● **Required action**: Only one part of the listing is needed: the lines from the one with "Vendesi camera da" through the last line, copied exactly and free of pictures.

● **Data shown**:

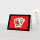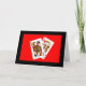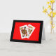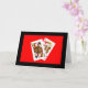 Une photographie d'une Reine de Trèfle et d'un Roi de Cœur qui se regardent est le point central de ma carte d'anniversaire "Vous deux étiez faits pour être ensemble - C'est dans les cartes". Les cartes ressortent joliment sur un fond rouge vif avec une bordure noire.
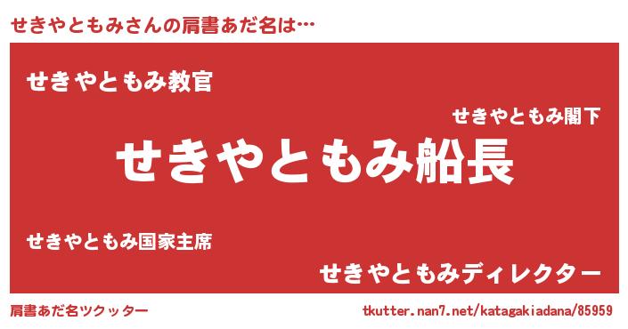 | 意味不明あだ名 | 『住所不定無職せきやともみ(3歳)』 |
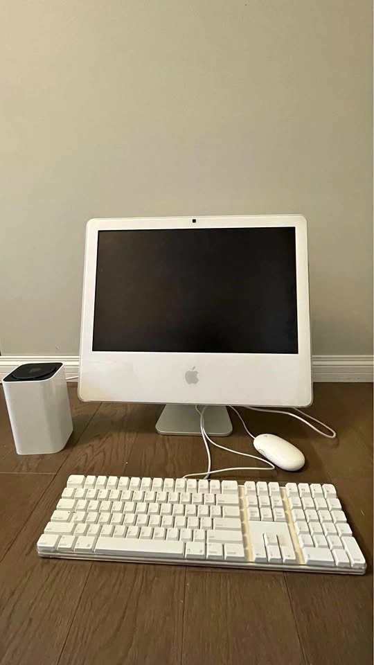 Older iMac 5,1 with 20” monitor, keyboard, and mouse. Works well. Upgraded to 4GB new memory and a 250GB hard drive. Has various older Adobe applications installed (PS, Adobe Illustrator, Adobe InDesign, Adobe Bridge, Adobe Professional). Includes Apple Airport external WiFi Router with 2TB storage.
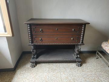 Vendesi camera da letto completa in legno massiccio in stile barocco spagnolo, caratterizzata da piedi a zampa di leone, fini intagli e decorazioni.
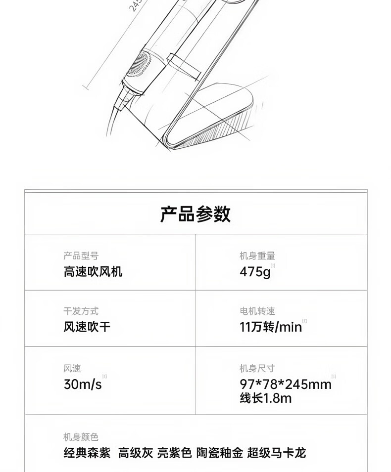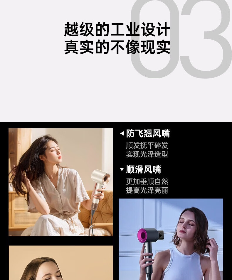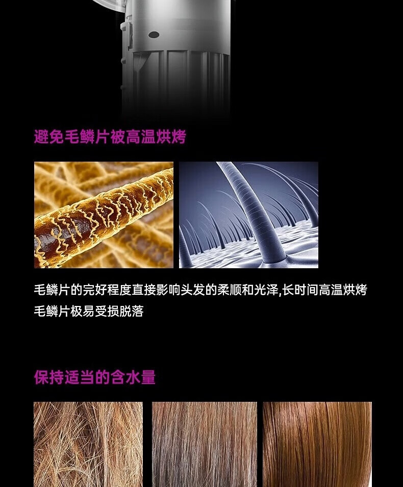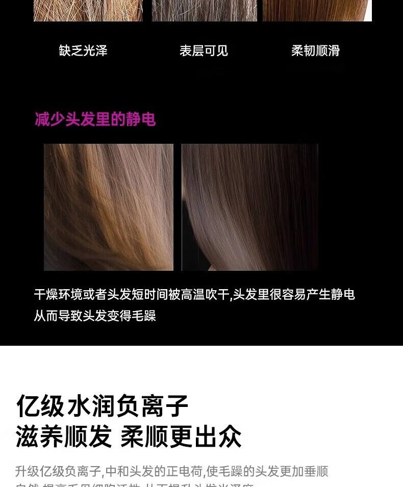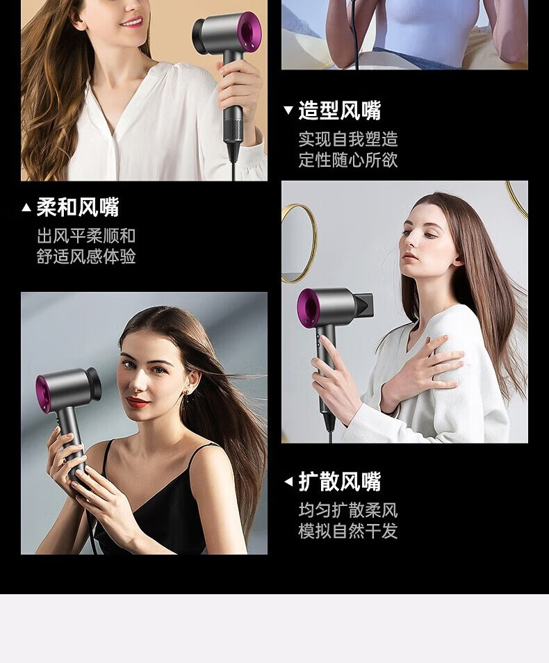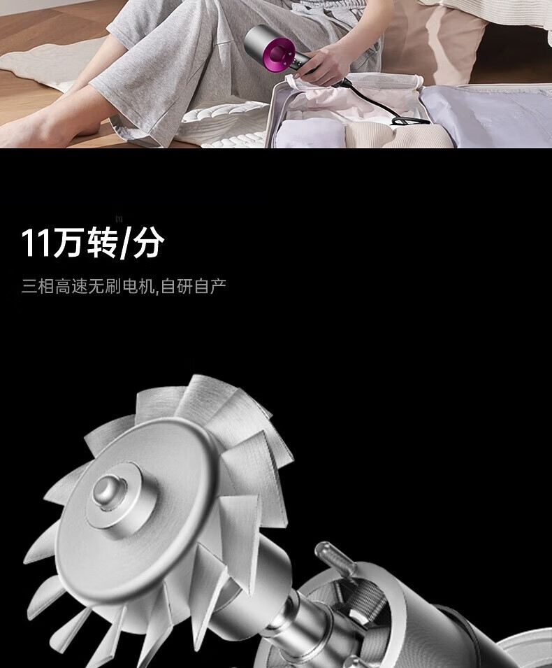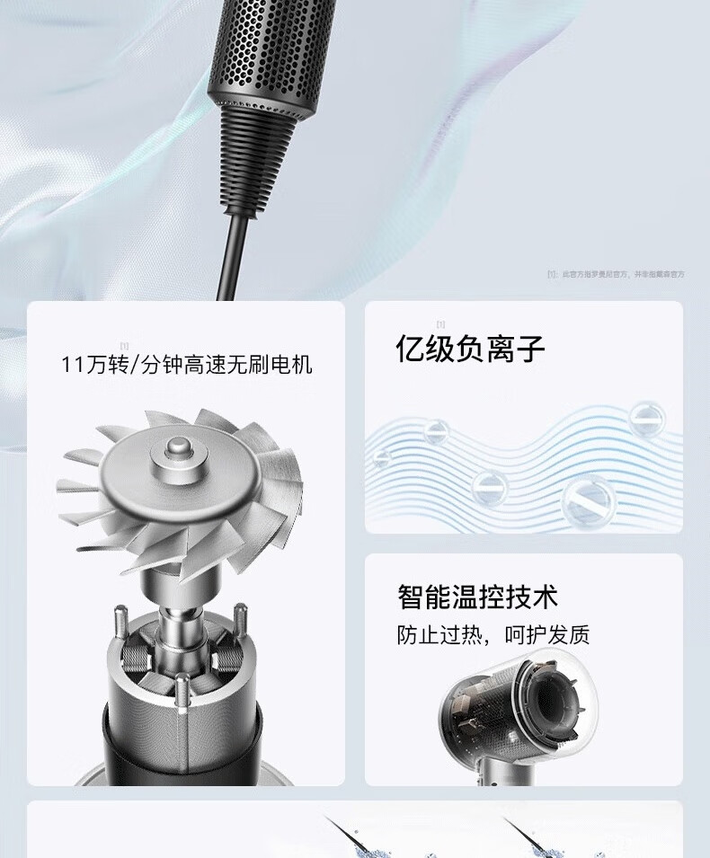 【新国标3C认证】戴森同款45亿+负离子吹风机宿舍旅游家用静音大功率不伤发速干高速无叶电吹风机 【官方强森钛灰顶配】不含风嘴+45亿+负离子护发
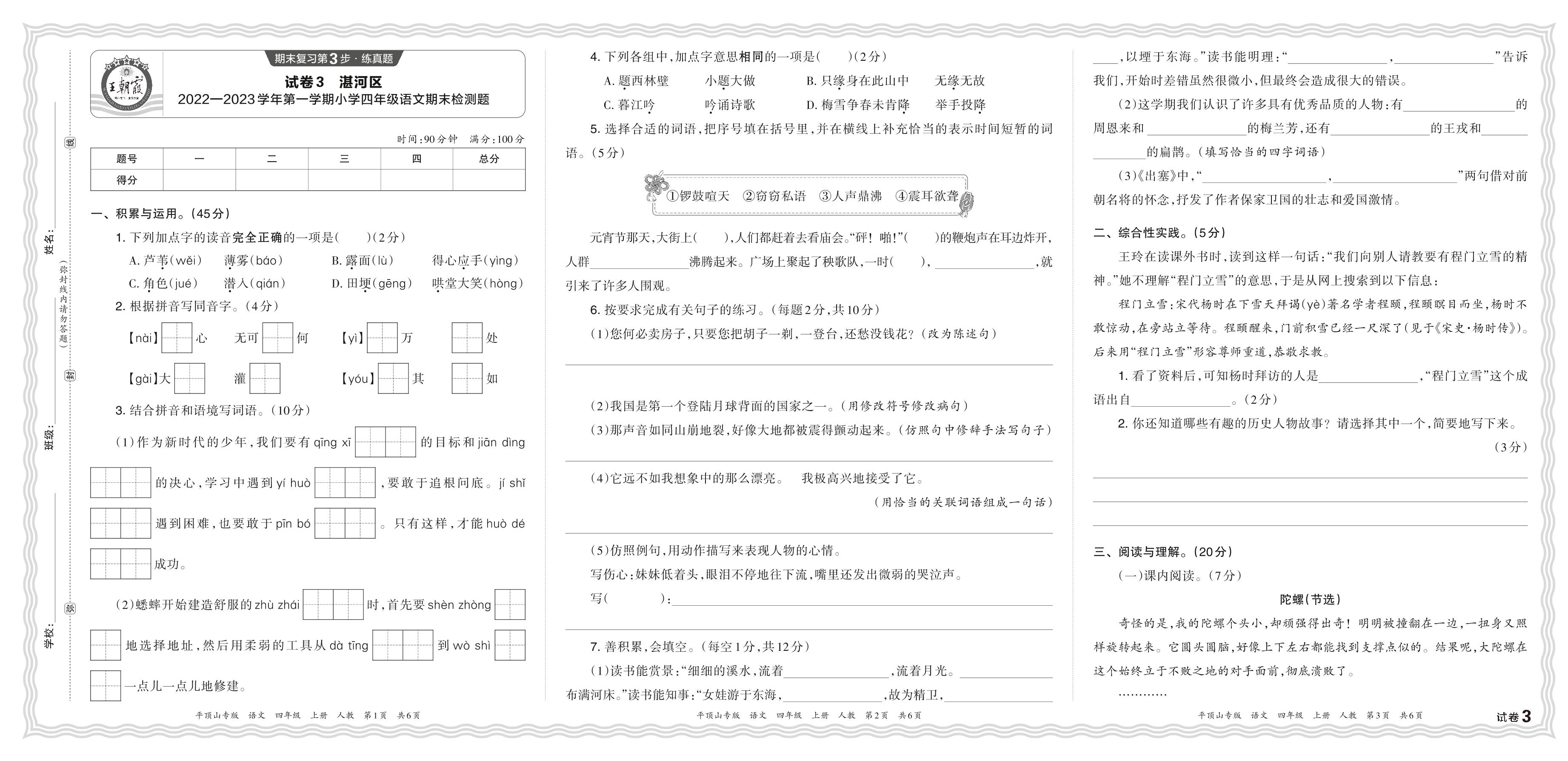 河南省平顶山市湛河区2022—2023学年第一学期小学四年级语文期末检测题(人教版)【3】
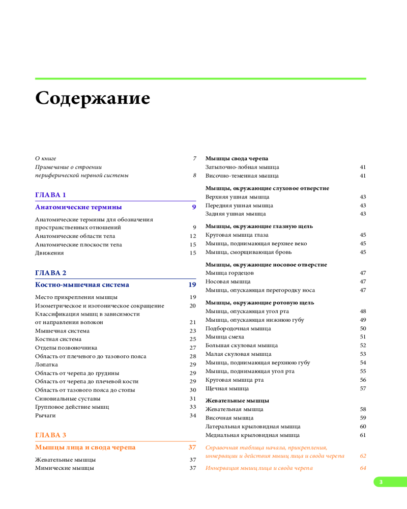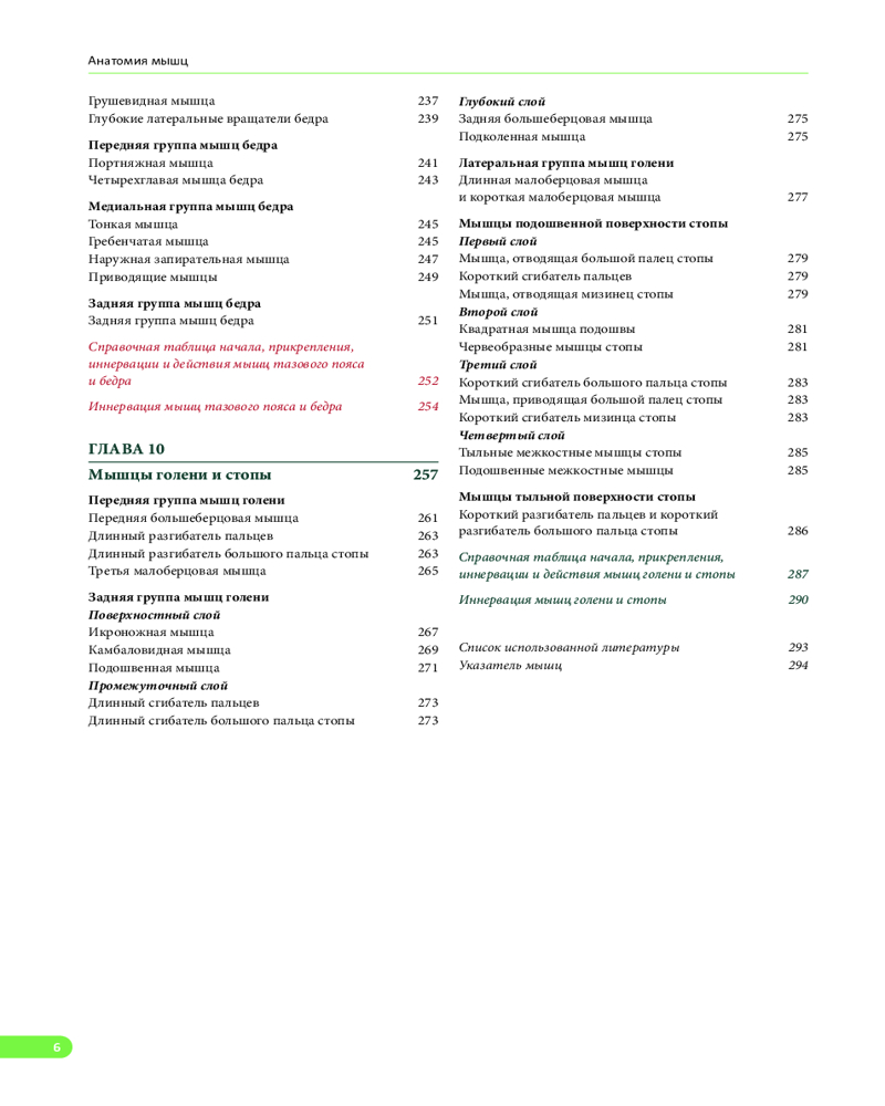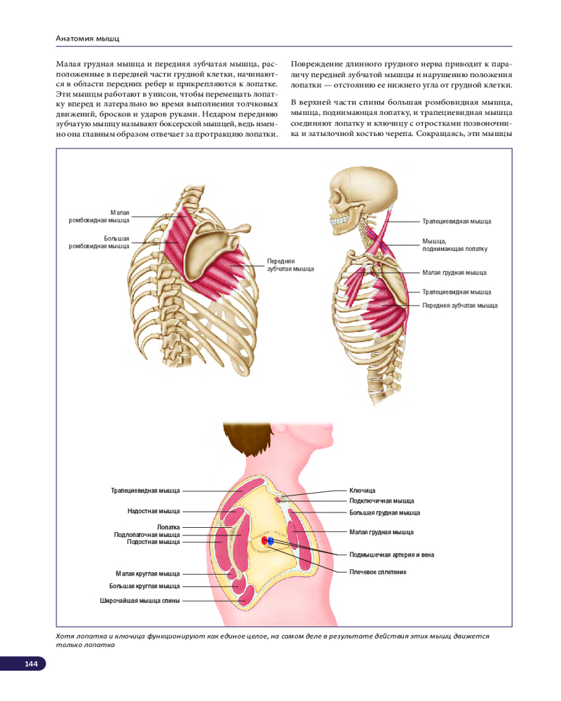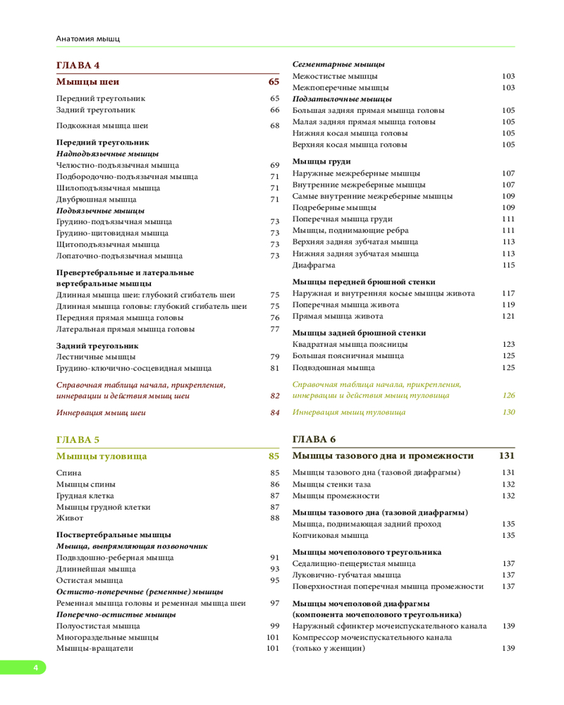 Каждая мышца описывается прикреплением, инервацией, биомеханикой, и базовые упражнения для этой мышцы
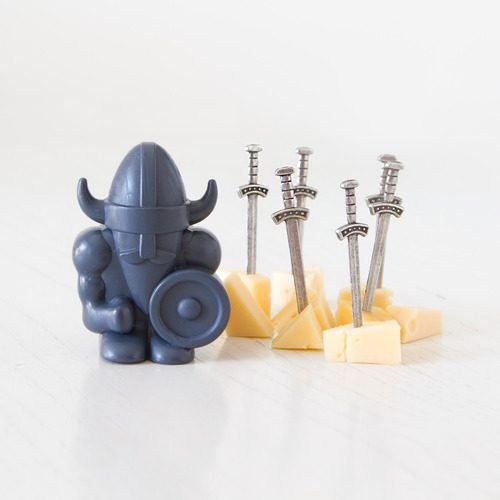 Un Vikingo cargado de 6 espadas de metal, para compartir con nobles amigos unas nobles picadas.

● **Solved problem**:
 Vendesi camera da letto completa in legno massiccio in stile barocco spagnolo, caratterizzata da piedi a zampa di leone, fini intagli e decorazioni.
 【新国标3C认证】戴森同款45亿+负离子吹风机宿舍旅游家用静音大功率不伤发速干高速无叶电吹风机 【官方强森钛灰顶配】不含风嘴+45亿+负离子护发
 河南省平顶山市湛河区2022—2023学年第一学期小学四年级语文期末检测题(人教版)【3】
 Каждая мышца описывается прикреплением, инервацией, биомеханикой, и базовые упражнения для этой мышцы
 Un Vikingo cargado de 6 espadas de metal, para compartir con nobles amigos unas nobles picadas.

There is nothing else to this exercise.